Kind of funny, decided to throw on some Maiden via an internet site before I posted this — first song that came up:  “Running Free” followed by “Heaven can Wait”  There is a message in there somewhere.  Oh wait, Metallica is on…the song…not kidding…”No Remorse.”   Fine I am better off being a stressed out 2.0 wannabe stopping the class for 5 minutes and discussing why we shouldn’t call one another a retard and putting the Mexican American War on hold…I have “no remorse” for doing what I do.


  1. It may be easier to pass out text books, turn to page 105 and do all the problems, which we will correct tomorrow and then start anew (this is the essence of our new mandated math program).
    But, god, the kids are bored, burned and sucked of the will to learn and be energized by the learning.
    Your words ring true — there is loneliness in this transition and in my building, I often feel as if I am the lone one yelling out: here are some new ways to engage your students!
    Luckily, my principal agrees and supports my endeavors. Not everyone is that lucky.
    I have you in my rss, so at least you can know that you are not alone here.
    Come on in and join my ongoing Day in a Sentence — which allows teachers to reflect and connect. Head off to Classroom 2.0 and use the social networking aspect to connect.
    And crank up the tunes that inspire you.


    PS — thanks for the gmail hack comment on my blog — I have used it but it is good to remind me that it is there.

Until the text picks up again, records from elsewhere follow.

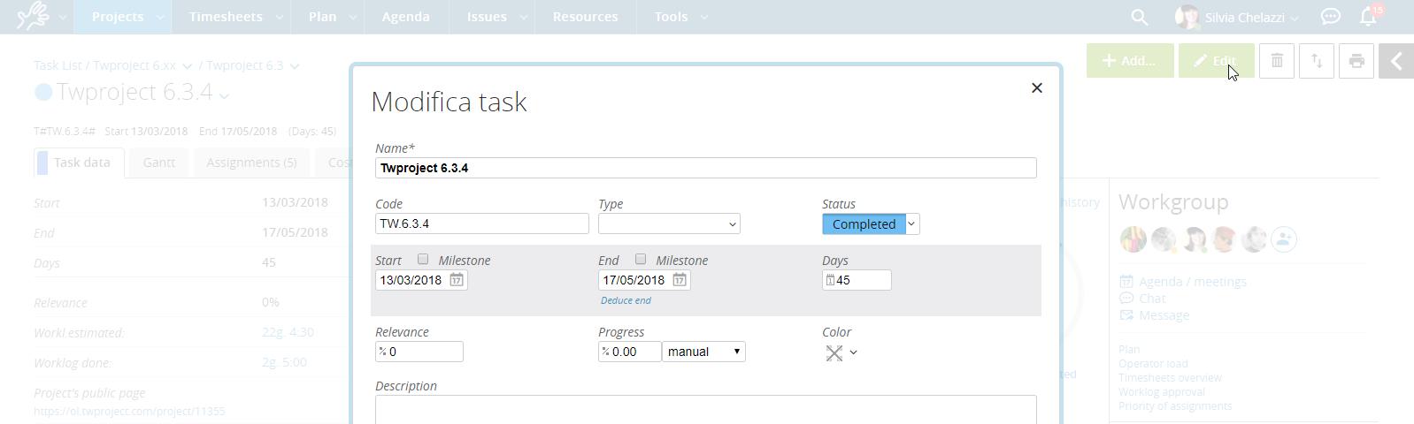 Now the page is so much easy to read, button on the right open the pop-up to change task data:
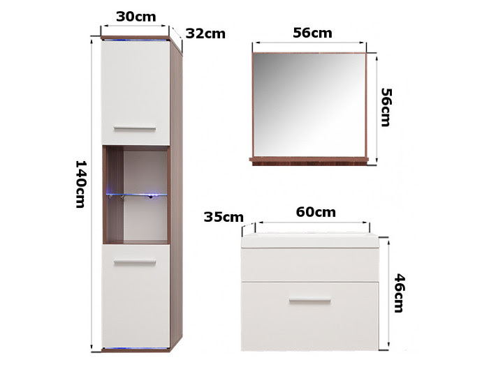 •  1x Waschtischunterschrank mit waschtisch (HxBxT): 46x60x35 cm
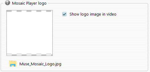 Mosaic Player Logo: Muse Mosaic allows you to add a logo image that will appear in your Mosaic Player window. Click the folder icon to select an image file for your logo. PNG files with transparency often work best.

  2. Thank you! for saying exactly how I feel. And I don’t even “have” to teach content, although I do, because I’m the Computer Elective teacher. It’s still exhausting. I could rest on my laurels, let them play FunBrain or message each other on Think.com every day and they would be happy for a while. Then the management problems and boredom alluded to by Kevin above would make my life a living hell. And I mean MY OWN boredom and bad attitude as much as the 170 middle schoolers I serve each day. Sigh. Some days I feel exhilarated about the tech gains we’ve made, the boy who asked if I’d teach him to (fill in the above-and-beyond skill) during lunch, the kid who shared her broken heart with me, the nanosecond of human connection with the little gang wannabe, or similar. But most days I’m just hoping against hope I made some tiny difference whilst trudging through the fog of exhaustion. But don’t mistake my angst for unhappiness. For some crazy reason I love this job!

  3. My friend, you are not the only one.
    Take away 89 of your kids,
    add 3 more grade levels (with accompanying academic deficits and strengths),
    add all curricular areas,
    take away a school nurse and counselor,
    take away the custodian (so if someone pukes, YOU get to clean it, cause there’s no one else to),
    move your administrator 2 hours away,
    add in at least 2 groups a week coming through to tour the school,
    add in required-for-existence recruitment events,
    and add in one AWESOMELY dedicated bunch of parents who would help, if only they knew what to do.

    Oh, and add in a tremendous amount of guilt and self-pressure to do it all, including being fully 2.0, pbl, and innovative to market a soon-to-be-produced educational philosophy.

    Then you have me.

    It’s hell most days, but I’ll never step back into a traditional school. Never.

  4. Thanks for the honesty and real-ness of your post.

    I have memories of all this kind of stuff from when I attended public school. I wonder how my kids will be turn out since I homeschool them in Connecticut.

    Thanks for helping me feel good about my choice to give up my salary and career to homeschool my kids.